Spread through air spaces (STAS) is a well-established poor prognostic factor, particularly in patients undergoing sublobar resection.4, 5, 6 Accurate preoperative or intraoperative diagnosis of STAS could inform surgical decision-making, such as choosing between lobectomy and sublobar resection. However, previous attempts to diagnose STAS intraoperatively using frozen section (FS) analysis were unsuccessful because of its relatively low sensitivity (44%-55%).7,8 In contrast, another study reported better sensitivity (71%) in detecting STAS using FS slides based on analyzing tumor slides with adequate and well-expanded lung parenchyma surrounding tumors.5

We hypothesized that the limited sensitivity of FS slides in detecting STAS might be caused by collapse of the parenchyma adjacent to tumor. To improve parenchymal expansion, we adapted the established cryo-embedding medium inflation techniques.9,10 Initially introduced by Gianoulis and colleagues9 in 1988 to minimize specimen shattering on FS of the lung, and later refined to differentiate lepidic from invasive adenocarcinoma lesions,10 these techniques have not yet been evaluated for STAS assessment using FS slides. Our study aimed to bridge this gap by investigating the utility of these techniques in STAS detection.

Methods

Study Cohort

This single-center prospective study was approved by the institutional review board of Shinshu University Hospital (Project ID, 5013; approved on January 27, 2021). All included patients provided written informed consent for publication of study data. Between February 1, 2021, and December 31, 2021, 210 patients underwent lung resection for lung nodules smaller than 3 cm at Shinshu University Hospital.

The study included any type of lung resection, such as wedge resection, segmentectomy, or lobectomy. Patients were excluded if they did not provide informed consent, had a history of lung resection, or exhibited more than 1 tumor in a single resected specimen. However, patients undergoing individual resections of multiple tumors were included. Patients requiring intraoperative tumor diagnosis based on FS analysis were excluded from this study. This exclusion was the result of our study design, which did not incorporate real-time FS analysis on the day of surgery, as described in the section to follow. Figure 1 illustrates the study flowchart.

Figure 1.

Figure 1

Patient selection flowchart. FS, Frozen section.

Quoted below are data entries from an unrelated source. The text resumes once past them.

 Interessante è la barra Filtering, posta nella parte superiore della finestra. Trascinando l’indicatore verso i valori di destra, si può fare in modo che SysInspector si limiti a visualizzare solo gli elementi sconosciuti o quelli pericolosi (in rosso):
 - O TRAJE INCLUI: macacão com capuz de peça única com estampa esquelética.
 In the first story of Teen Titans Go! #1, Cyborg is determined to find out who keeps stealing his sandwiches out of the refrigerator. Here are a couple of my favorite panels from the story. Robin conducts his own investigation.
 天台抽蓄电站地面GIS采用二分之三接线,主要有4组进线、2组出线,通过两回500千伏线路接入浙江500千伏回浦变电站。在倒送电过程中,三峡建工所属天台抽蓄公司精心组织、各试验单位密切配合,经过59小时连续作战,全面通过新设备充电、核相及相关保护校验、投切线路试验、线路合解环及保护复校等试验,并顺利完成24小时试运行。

FS Slide Preparation Using the Cryo-Embedding-Medium Inflation Technique

Tumor lesions were excised using minimally invasive surgery, specifically, wedge resection, segmentectomy, or lobectomy. During surgery, the lung parenchyma was sectioned using either a surgical stapler or an electrocautery. The surgical specimens were immediately transported from the operating room to the pathology department in sterile bags.

Upon receipt of the resected specimens, pathology technicians and pathologists proceeded with the preparation of FS slides. The process involved injecting a 1:1 dilution of cryo-embedding medium (Tissue-Tek O.C.T. Compound; Sakura Finetek) and saline into the lung parenchyma of the resected specimen until ensuring sufficient lung swelling. “Sufficient lung swelling” was defined as an expansion level similar to the lung during inhalation. This criterion was adhered to ensure a consistent and reproducible technique for preparing slides. To optimize tissue handling and diagnostic clarity, we conducted preliminary experiments to determine the ideal solution ratio for the cryo-embedding medium. We considered factors such as tissue integrity, medium penetration, and ease of preparation. Our findings indicated that a 1:1 solution ratio was effective in highlighting STAS in the lung parenchyma.

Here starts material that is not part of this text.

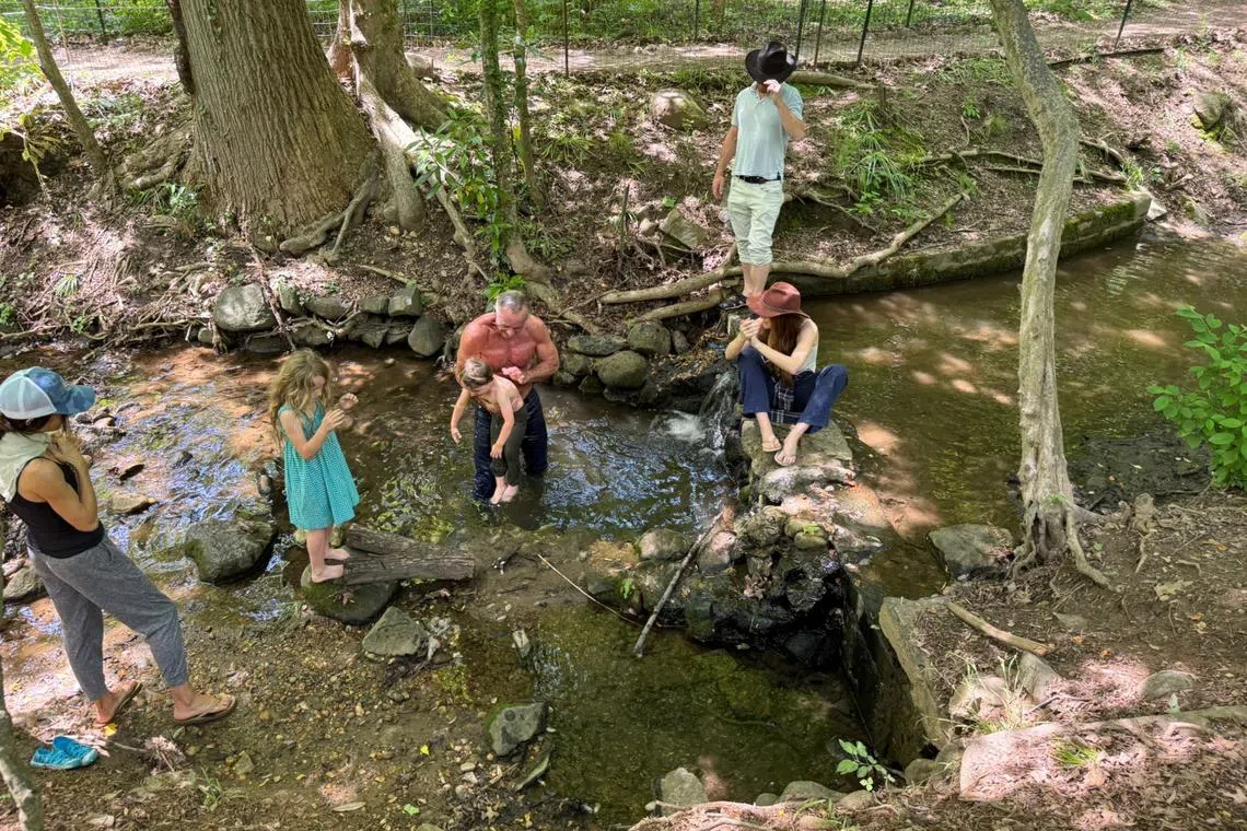 Mr Kennedy said in the social media post that he had gone for the swim in Rock Creek during a Mother’s Day hike in Dumbarton Oaks Park with his family – including his grandchildren, who are also seen in the photos swimming in the contaminated water.

Subsequently, a frozen tissue block comprising tumor area and the surrounding parenchyma was obtained. Subsequently, 5-μm thick FS slides were obtained using a cryostat and then stained with hematoxylin–eosin, in accordance with standard procedures. Figure 2 shows a schematic of the FS slide-preparation process.

Figure 2.

Figure 2

A schematic representation of the frozen section slide-preparation process. STAS, Spread through air spaces.

Definition of STAS

STAS was defined as presence of tumor cells within air spaces located beyond the edge of the main tumor, manifesting as clusters, solid nests, or aggregates of single cells. This definition adheres to the criteria established by Kadota and colleagues.4 In our study, we exercised caution by not considering tumor cells within the alveolar spaces immediately adjacent to the estimated border of tumor as STAS. This was to avoid potential misinterpretation of cells at the tumor edge as STAS, thereby ensuring a more precise and accurate identification.

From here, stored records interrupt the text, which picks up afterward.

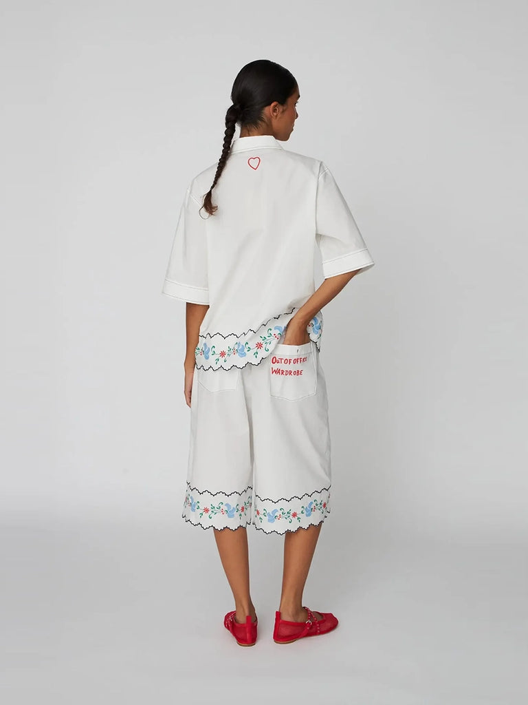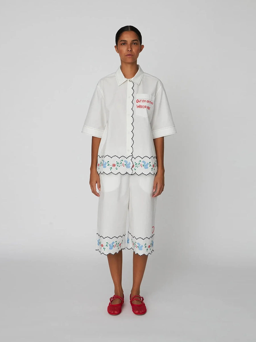 Oversizowa, biała koszula Coloured Embroidered z krótkim, szerokim rękawem, Dekorowana i wykończona pięknym, kolorowym haftem w ludowym stylu. Nad lewą piersią posiada kieszonkę z czerwonym, haftowanym napisem "Out of office Wardrobe", a na plecach urocze serduszko. Zapinana na guziki. Wykonana z bawełny organicznej.
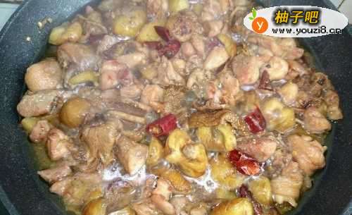 4下入煸炒过的鸡肉(记得不要将油脂倒入),再放入板栗和调味料钢球,(如果汤汁没有淹没过原料可以适量加点开水),大火烧开小火焖20分钟后放入大蒜, 再依据个人口味加入盐等调味;
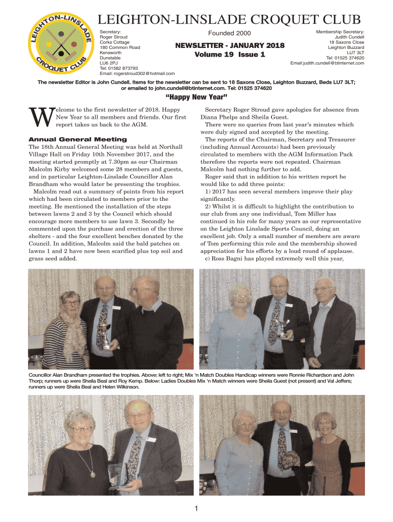 LEIGHTONLINSLADE CROQUET CLUB Secretary: Roger Shroud Corks Cottage 180 Common Road Kens worth Unstable LU6 2PJ Tel: 01582 873793 Email: rogerstroud302 Hotmail. Compounded 2000NEWSLETTER JANUARY 2018
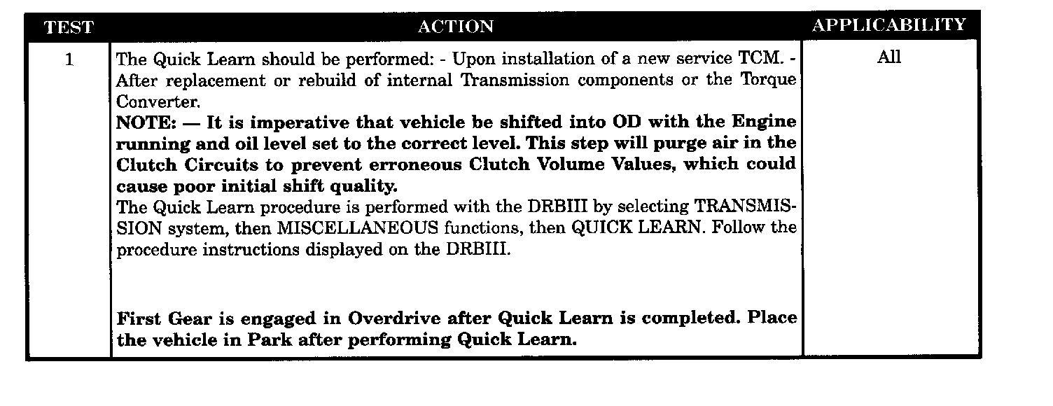 * QUICK LEARN PROCEDURE
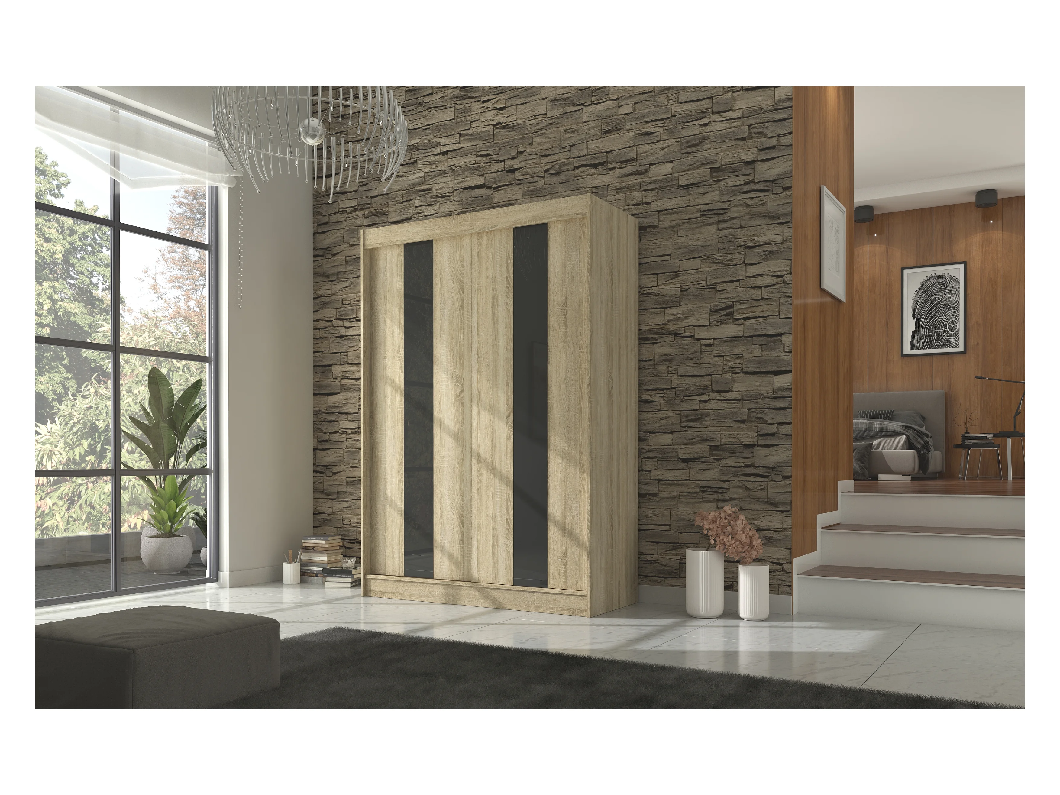 Armoire de chambre à portes coulissantes bois clair mat et noir laqué Karola - 3 tailles-Largeur 200 cm

Histologic Evaluation of STAS Using FS Slides

The histologic evaluation to determine the STAS status using FS slides was performed independently of the surgical procedure on a separate day. This approach was chosen as the study was designed to evaluate the efficacy of the cryo-embedding-medium inflation technique in STAS diagnosis, independent of immediate clinical decision-making. However, the preparation of the FS slides proceeded immediately upon receipt of the resected specimens on the day of surgery, as previously described. To maintain objectivity in the assessment of STAS on FS slides, the pathologists were blinded to patient medical information, including the results of permanent slides. Moreover, the medical staff members who were either directly or indirectly involved in patient care were not involved in the histologic evaluation. Three pathologists (M.I., T.U., and S.K.) individually assessed FS slides to determine the presence or absence of STAS (FS-STAS status). Highlighting that consensus meetings were only conducted during the preliminary phase of the study, not during the analysis of the 114 sessions included in the study, is important. In the event of discrepancies between the pathologists' assessments during the preliminary phase, a consensus meeting was convened using a multiheaded microscope to collaboratively reach a consensus regarding the FS-STAS status. Figure 3, A, shows representative FS slide with hematoxylin–eosin staining.

Figure 3.

Figure 3

Hematoxylin–eosin staining images of frozen section and permanent slides from representative cases. A, A frozen section slide from a patient with primary lung adenocarcinoma. B, A permanent slide from a patient with primary lung adenocarcinoma C, A frozen section slide from a patient with metastatic lung tumor (colon primary) D, A permanent slide from a patient with metastatic lung tumor (colon primary). Dotted lines and gray arrows represent tumor edge and STAS areas, respectively. STAS, Spread through air spaces.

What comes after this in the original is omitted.